Work Text:
*Morpheus POV*
She was born with a name.
It was not yet forgotten, but it will be.
Born to quite traditional parents, in a country somewhere.
In life she'd gone to school. She learned many things there.
She learned numbers and how to count them, although nothing good came of it. She learned letters and how they could create worlds. Well, words, the teachers would correct her. But she was right.
She learned of history, and she thought it had a bad ending.
She'd learned that thoughts lead to facts, and feelings lead somewhere else, and facts don't care about them.
She'd learned that thoughts are meant to be shared, but feelings should be kept secret. And so she did. And she was good at it.
She'd kept it a secret when she broke the cookie jar. The cat gladly took the blame, knowing it would not punished.
She'd kept it a secret when she would play dress up games on the internet. It didn't matter.
She'd kept it a secret when she rolled in her bedsheets in the morning, until the blankets surrounding her body became a long princess gown in her mind.
She'd kept it a secret that she thought pink was a pretty color, and that she would wear it all the time if she was a girl.
She kept it a secret when the voice in her body lowered, and the voice in her head remained high.
She never shared with anybody that she forgot her appearence until she saw it in the mirror. Or that she could feel the girl beneath the color of her thoughts.
Even when she'd heard there was a name for her feelings, she'd kept the name a secret too.
Because the name was everywhere. She'd heard her parents talk about it at the dinner table. Her dad and her progressive sister didn't know they were debating her. She would never participate in those conversations.
Debates were about facts. And facts didn't care about her feelings. Not one bit.
She tried to find joy in going through life knowing that the secret was hers. That no one knew who she was but her. She was the only one who knew her name. She thought of herself as a mystery, unknown. Sometimes it helped.
But her real peace was found in observing. In watching the trees go by through the bus window. It was her comfort in waking life, before and after each school day.
She suffered, yes. But she never had nightmares.
In her sleep, she was cradled by fever dreams. Intense dreams of alternate, yet familiar realities. Like a child who'd just been born, she didn't care what shape she had in her dreams so long as she could explore them.
Her dreams took her to the middle of the woods, and to deserts, to lost abandoned castles and to the edges of endless streams, to endless lonely roads, to boulevards of broken dreams. Yet whichever space she found herself in, however dark or bright, however empty, she found joy.
In her waking life she had dreams, but they were distant and frightening promises. Waking dreams demanded action and she was not one to act. While sleeping dreams were harmless, or so she thought, waking dreams could kill.
And they were so painfully distant!... She couldn't reach them if she wanted, not yet.
The people on the internet told her she could. That everything would get better once her years would count to the magic number of eighteen.
She had lived to be thirteen.
She was going to chase another dream. Perhaps she would meet the black haired figure. The only time she'd ever seen a person in her dreams.
Was it a woman wearing black, or a man wearing black? It did not matter. By the time she'd had that dream, she'd known what she wanted to do.
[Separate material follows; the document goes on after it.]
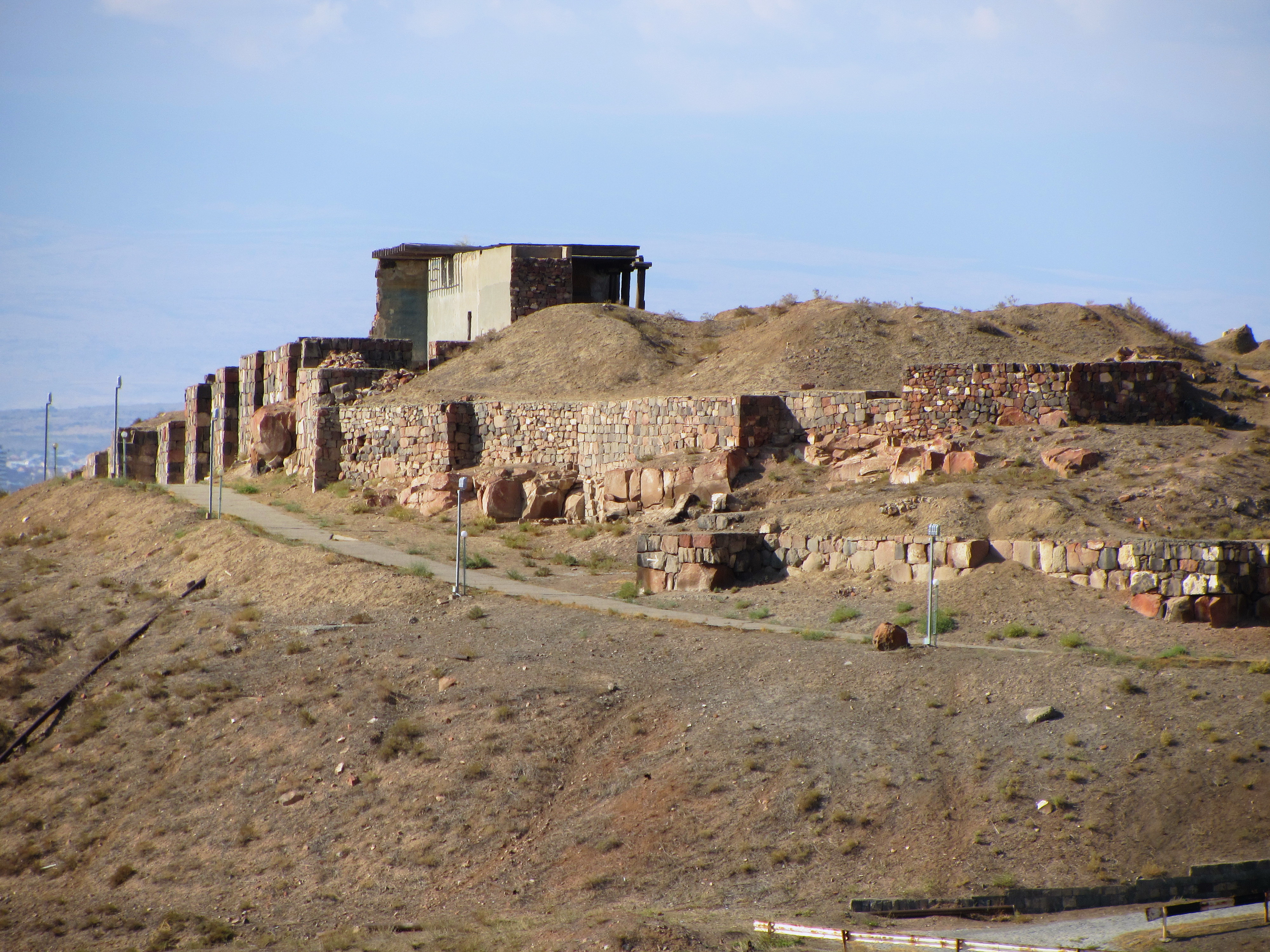 Urartian fortress Erebuni, 8c. BC, Yerevan, Armenia

She'd already sent heart emojis to her parents and friends. The jar of pills would take her to her better dream, as they took her grandma to sleep every night.
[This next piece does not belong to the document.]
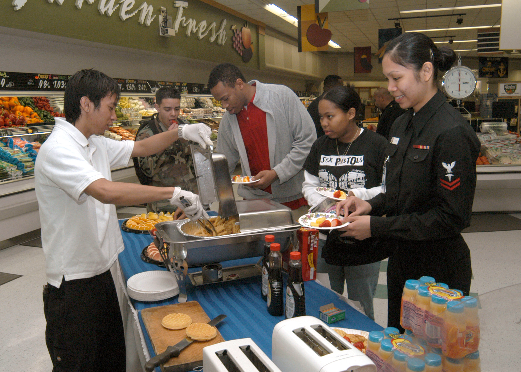 Yokosuka, Japan (Feb. 15, 2006) - Sailors enjoy free samples of various breakfast items during the Yokosuka's commissary outreach program in Japan. This program is designed to educate single Sailors on the money-saving benefits of shopping at the commissary and to show them what products are available. U.S. Navy photo by Photographer's Mate 2nd Class Chantel M. Clayton (RELEASED)

She realized she had one regret, the only one of her short life. She had never told any of them the truth. She never told them her name.
She died that night, unknown.
Facts don't care about your feelings?
Wrong.
Tales and dreams are the shadow-truths, that will endure when mere facts are dust and ashes, and forgot.
And in my realm, her tale had been written.
The child, the girl, the lost one, the traveler. It was all in the library, in the book which I read. That book, only that book, contains her true name.
In her last minutes, she'd found a last place to explore: The heart of the dreaming. The castle.
She first noticed the walls, the stars, the shapes. She'd never felt so real. Never so known. Never so seen.
The man in the throne was a man after all. The same one she'd met in her dreams.
"Your home is beautiful" -She told me.
And I told her she was welcome to stay. And so she chose.
The dreamers call her the Liminal Space, essence of the dream waters, designer of lonely places. The one who comforts the disturbed and disturbs the comfortable.
Those who know of loneliness, the unknown, the inadequate, the unwanted, the abandoned, find themselves in her.
They feel her presence as they shape, together, the color of her walls, the dim lights of her thoughts, the mist of her breath.
Lost in her solitude there is no judgement, nor comparison with others, for there are no others. In her it is alright to be lost. She, who lives in your dreams and you do not know her. Even if no one sees you, you are never alone, for she is there with you, and she knows you, as I do. She will never forget your name.